Russian and Soviet engineer (1875–1936)

Ivan Gavrilovich Alexandrov (Russian: Ива́н Гаври́лович Алекса́ндров; 1 September [O.S. 21 August] 1875 – 2 May 1936) was a Russian and Soviet engineer who played a significant role in the modernization of the Soviet Union.

==Career ==
In 1920, Alexandrov participated in developing the GOELRO plan which was the electrification plan of the Soviet Union. From 1921 to 1927, he was Chief Engineer of the design organization Dniprobud or Dniprostroy (Дніпробуд; «Днепрострой») and, in 1926, designed the Dnipr Dam on the Dnipr. From 1921, he headed the Regionalisation Committee of Gosplan and, as the director with support from Gleb Krzhizhanovsky, used rational economic planning rather than "the vestiges of lost sovereign rights" to divide the Soviet Union into thirteen European and eight Asiatic oblasts.

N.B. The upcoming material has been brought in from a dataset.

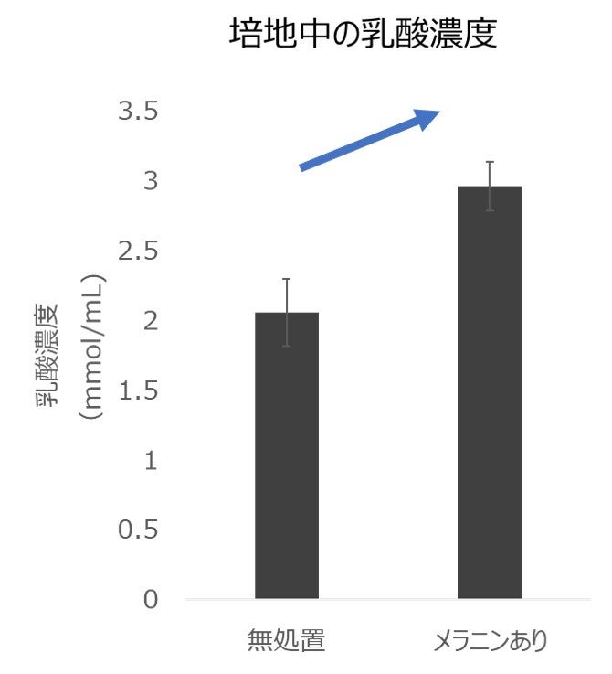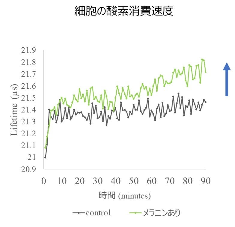 エネルギー代謝によって変動する成分を調べてみたところ、元気な表皮細胞(ケラチノサイト※1)ではメラニンを取り込むと培地中の乳酸や細胞の酸素消費速度が増加しました。これは、エネルギー代謝が活性化したことを示しています。一方、エネルギー代謝の活性化を抑制すると、細胞内にメラニンが蓄積することがわかりました。このことから、メラニンを取りこんだ後のエネルギー代謝の活性化が、メラニンを蓄積させないための重要な鍵であることがわかりました。この結果から、元気な細胞が多い肌では、細胞がメラニンをたくさん取り込んでもエネルギー代謝が活性化することにより新陳代謝を促し、最終的にはメラニンを排出させることができるため、メラニンが肌にとどまらないと考えられます。

He participated in the plan of the general scheme for the electrification of Slovenia, and, in Asia, the plan for the construction of the Baikal-Amur Mainline (BAM).

From 1927 to 1930 he was the Head of the Department of Hydrology, Meteorology and Regulation of Flow at the Moscow State University of Environmental Engineering (MSUEE) (Московский государственный университет природообустройства).

He died in Moscow and was buried at the Novodevichy Cemetery.